:: DATA SHOWN ::
----
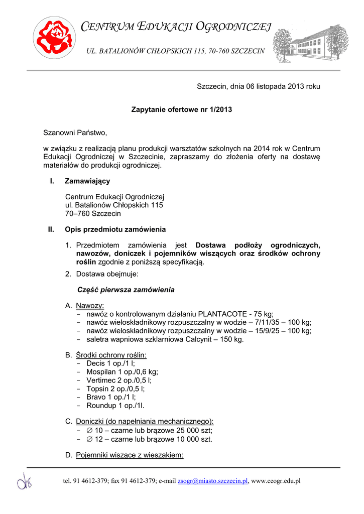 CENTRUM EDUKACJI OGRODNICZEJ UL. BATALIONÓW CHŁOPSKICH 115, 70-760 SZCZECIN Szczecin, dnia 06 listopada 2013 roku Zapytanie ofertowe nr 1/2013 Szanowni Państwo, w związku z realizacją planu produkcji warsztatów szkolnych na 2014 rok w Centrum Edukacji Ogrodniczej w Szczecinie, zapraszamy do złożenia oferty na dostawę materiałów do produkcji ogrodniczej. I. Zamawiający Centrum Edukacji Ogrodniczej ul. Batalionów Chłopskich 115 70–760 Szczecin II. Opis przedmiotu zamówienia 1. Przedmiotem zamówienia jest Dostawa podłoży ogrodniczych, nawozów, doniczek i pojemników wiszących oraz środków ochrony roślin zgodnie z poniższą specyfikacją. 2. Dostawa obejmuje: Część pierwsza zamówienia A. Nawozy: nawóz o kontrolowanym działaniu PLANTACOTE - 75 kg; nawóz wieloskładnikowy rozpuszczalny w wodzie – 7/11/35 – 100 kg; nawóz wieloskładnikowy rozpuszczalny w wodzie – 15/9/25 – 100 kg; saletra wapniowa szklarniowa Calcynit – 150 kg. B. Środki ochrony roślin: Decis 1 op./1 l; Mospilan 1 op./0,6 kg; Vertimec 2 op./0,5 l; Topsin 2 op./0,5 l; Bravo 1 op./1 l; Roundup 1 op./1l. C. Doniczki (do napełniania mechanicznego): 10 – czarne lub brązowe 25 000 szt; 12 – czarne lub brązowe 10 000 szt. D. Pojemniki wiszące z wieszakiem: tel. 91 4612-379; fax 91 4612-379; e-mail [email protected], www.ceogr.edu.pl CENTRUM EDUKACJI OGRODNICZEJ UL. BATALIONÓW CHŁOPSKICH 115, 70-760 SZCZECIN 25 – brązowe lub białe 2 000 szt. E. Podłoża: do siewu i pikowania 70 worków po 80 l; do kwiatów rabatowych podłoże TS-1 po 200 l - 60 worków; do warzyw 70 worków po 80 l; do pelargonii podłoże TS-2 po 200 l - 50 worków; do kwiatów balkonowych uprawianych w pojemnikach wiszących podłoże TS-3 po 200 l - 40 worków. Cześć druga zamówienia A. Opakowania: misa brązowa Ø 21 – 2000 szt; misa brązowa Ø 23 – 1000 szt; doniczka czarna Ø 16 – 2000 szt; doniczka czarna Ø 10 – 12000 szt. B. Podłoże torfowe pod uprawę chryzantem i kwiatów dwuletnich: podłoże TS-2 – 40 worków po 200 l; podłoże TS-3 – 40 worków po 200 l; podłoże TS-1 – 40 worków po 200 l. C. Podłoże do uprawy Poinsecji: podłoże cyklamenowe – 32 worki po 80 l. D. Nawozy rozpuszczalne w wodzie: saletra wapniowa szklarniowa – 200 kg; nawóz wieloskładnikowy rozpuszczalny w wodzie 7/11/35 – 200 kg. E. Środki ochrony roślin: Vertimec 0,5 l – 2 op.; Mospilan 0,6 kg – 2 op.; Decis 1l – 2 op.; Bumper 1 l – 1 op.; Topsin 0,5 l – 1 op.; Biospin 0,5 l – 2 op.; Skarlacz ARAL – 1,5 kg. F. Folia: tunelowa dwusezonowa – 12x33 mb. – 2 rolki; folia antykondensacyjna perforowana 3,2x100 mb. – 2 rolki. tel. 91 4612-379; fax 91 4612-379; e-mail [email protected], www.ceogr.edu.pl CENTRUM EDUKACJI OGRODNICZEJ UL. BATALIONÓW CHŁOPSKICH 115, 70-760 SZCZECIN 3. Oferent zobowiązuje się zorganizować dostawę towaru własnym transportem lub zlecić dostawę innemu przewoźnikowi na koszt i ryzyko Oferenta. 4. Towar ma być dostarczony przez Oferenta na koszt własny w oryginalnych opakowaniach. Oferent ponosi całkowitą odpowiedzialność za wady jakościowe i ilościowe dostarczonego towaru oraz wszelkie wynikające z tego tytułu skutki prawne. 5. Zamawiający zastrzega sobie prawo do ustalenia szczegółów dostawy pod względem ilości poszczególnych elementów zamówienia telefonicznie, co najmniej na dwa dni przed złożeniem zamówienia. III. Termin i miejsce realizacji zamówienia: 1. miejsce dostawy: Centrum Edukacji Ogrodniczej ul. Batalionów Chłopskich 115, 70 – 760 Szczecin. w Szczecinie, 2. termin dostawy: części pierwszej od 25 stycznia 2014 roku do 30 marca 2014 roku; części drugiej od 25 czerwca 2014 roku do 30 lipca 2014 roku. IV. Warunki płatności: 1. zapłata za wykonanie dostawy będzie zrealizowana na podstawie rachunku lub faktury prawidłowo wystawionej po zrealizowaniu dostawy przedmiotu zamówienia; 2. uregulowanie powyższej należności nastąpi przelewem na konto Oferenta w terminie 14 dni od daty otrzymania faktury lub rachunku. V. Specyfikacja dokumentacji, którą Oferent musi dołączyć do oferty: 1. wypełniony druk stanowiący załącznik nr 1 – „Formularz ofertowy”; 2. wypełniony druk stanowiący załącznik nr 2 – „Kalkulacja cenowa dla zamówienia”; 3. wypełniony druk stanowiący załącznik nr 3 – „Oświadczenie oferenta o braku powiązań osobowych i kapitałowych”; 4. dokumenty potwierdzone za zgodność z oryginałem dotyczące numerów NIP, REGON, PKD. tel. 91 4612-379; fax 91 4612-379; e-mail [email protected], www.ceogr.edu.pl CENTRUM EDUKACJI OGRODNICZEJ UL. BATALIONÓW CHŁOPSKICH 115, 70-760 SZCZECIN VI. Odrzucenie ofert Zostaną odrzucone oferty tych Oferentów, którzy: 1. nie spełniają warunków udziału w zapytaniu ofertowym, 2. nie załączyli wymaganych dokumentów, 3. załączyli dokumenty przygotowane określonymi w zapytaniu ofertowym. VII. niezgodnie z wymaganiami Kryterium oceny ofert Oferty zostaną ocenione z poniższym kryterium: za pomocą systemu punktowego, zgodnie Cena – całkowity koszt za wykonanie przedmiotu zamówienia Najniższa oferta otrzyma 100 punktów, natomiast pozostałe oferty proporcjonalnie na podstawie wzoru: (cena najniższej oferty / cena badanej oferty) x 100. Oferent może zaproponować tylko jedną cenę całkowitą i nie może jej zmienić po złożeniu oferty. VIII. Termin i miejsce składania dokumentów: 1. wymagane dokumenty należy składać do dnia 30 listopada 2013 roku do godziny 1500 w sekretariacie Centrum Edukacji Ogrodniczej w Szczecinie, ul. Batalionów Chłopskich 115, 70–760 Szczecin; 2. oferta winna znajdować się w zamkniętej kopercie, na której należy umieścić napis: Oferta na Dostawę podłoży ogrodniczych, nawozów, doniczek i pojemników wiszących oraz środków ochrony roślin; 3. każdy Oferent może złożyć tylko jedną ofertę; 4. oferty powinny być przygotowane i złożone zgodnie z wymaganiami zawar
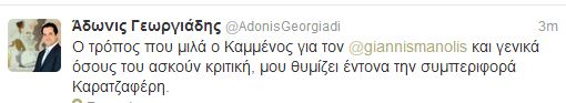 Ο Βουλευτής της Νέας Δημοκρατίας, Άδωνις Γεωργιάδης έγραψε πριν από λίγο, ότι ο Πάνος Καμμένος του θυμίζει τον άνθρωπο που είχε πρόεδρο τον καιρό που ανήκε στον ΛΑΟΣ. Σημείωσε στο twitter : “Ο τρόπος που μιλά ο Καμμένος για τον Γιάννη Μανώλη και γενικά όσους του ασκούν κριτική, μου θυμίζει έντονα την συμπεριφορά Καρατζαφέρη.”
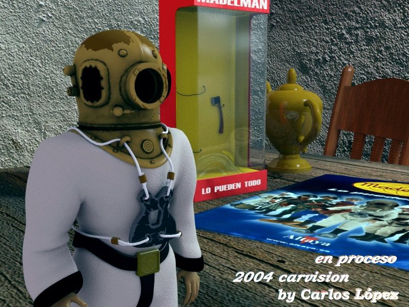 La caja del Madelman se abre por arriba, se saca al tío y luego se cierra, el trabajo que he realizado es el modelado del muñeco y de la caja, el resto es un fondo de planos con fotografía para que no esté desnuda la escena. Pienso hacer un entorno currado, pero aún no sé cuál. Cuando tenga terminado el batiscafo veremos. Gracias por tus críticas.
----
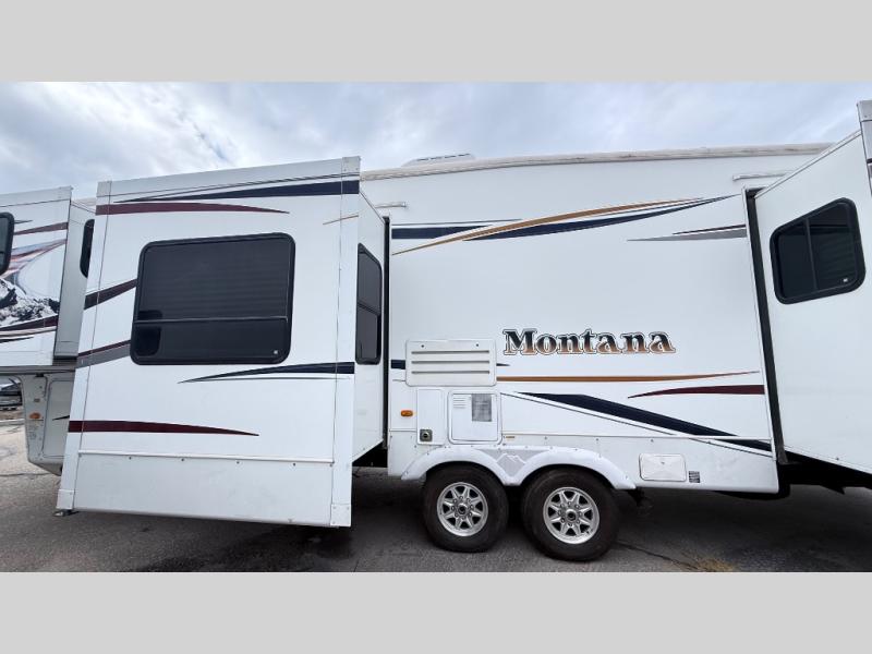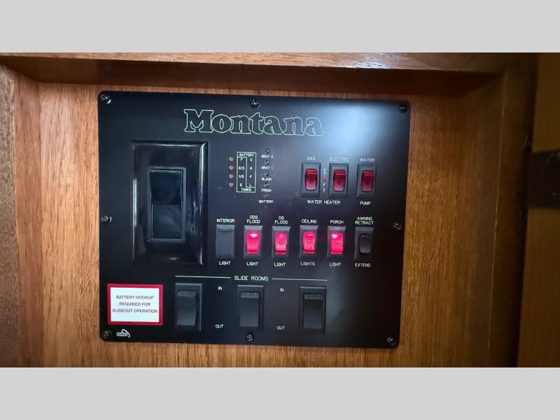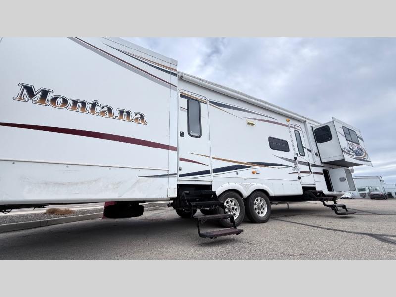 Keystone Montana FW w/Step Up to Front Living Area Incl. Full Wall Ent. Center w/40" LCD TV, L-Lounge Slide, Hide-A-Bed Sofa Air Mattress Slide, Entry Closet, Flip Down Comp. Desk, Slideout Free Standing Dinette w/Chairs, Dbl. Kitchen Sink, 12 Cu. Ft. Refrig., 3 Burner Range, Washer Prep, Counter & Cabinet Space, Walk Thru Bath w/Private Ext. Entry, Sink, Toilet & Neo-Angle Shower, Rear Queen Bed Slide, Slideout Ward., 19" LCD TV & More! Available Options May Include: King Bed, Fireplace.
----
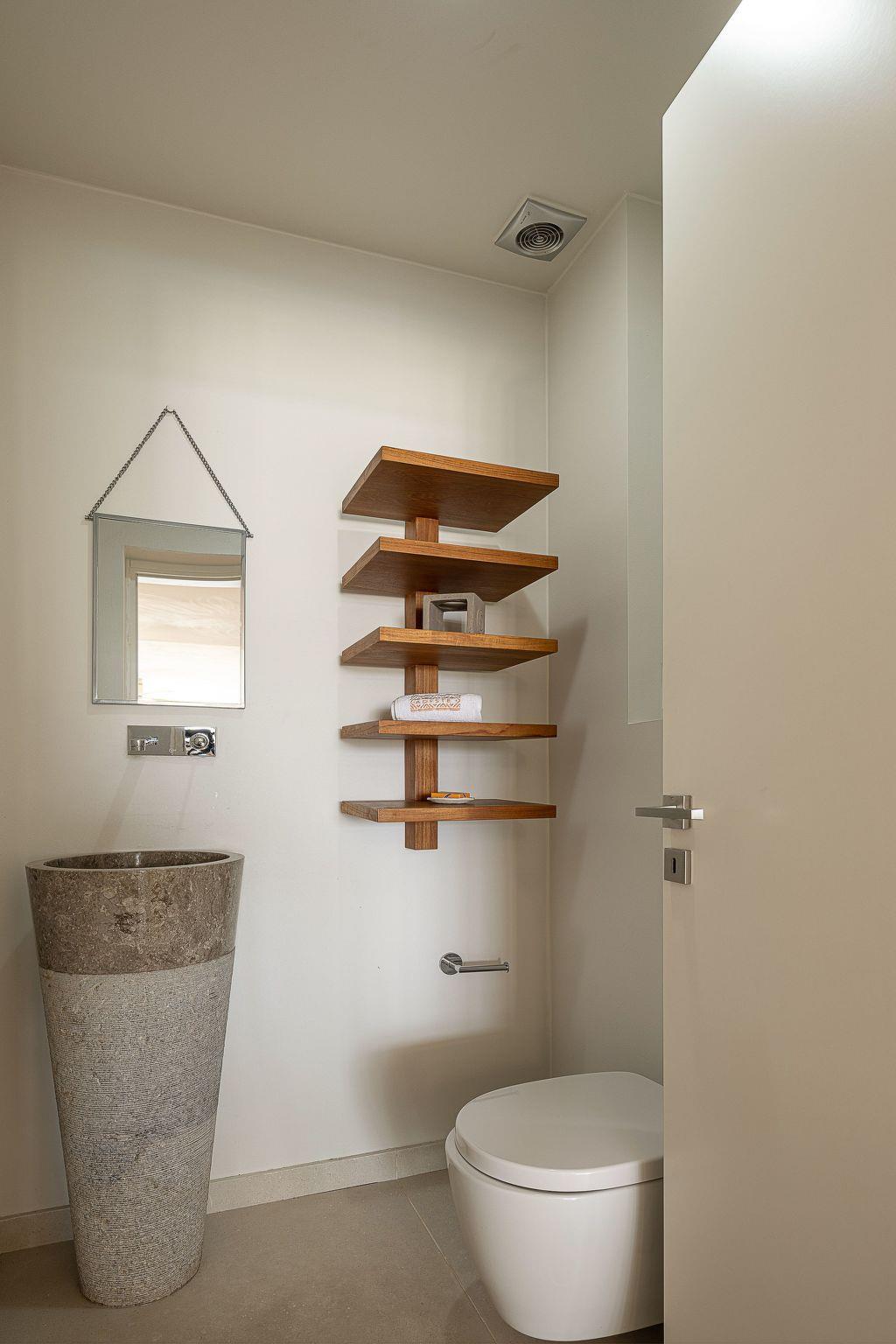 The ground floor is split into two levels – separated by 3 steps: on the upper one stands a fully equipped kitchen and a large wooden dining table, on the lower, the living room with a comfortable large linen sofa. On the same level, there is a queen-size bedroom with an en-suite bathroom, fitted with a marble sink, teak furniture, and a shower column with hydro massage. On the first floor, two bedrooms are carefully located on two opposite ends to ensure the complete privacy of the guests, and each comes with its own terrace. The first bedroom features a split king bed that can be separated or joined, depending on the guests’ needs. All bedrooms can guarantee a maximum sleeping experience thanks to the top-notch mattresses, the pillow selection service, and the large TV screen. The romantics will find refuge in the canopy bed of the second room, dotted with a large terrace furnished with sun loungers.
----
:: YOUR INSTRUCTIONS ::
Could you write out exactly the lines of the data above that run from the one holding "Ο Βουλευτής της" to the one holding "La caja del", with both ends in and all pictures out?

:: TASK RESPONSE ::
 Ο Βουλευτής της Νέας Δημοκρατίας, Άδωνις Γεωργιάδης έγραψε πριν από λίγο, ότι ο Πάνος Καμμένος του θυμίζει τον άνθρωπο που είχε πρόεδρο τον καιρό που ανήκε στον ΛΑΟΣ. Σημείωσε στο twitter : “Ο τρόπος που μιλά ο Καμμένος για τον Γιάννη Μανώλη και γενικά όσους του ασκούν κριτική, μου θυμίζει έντονα την συμπεριφορά Καρατζαφέρη.”
 La caja del Madelman se abre por arriba, se saca al tío y luego se cierra, el trabajo que he realizado es el modelado del muñeco y de la caja, el resto es un fondo de planos con fotografía para que no esté desnuda la escena. Pienso hacer un entorno currado, pero aún no sé cuál. Cuando tenga terminado el batiscafo veremos. Gracias por tus críticas.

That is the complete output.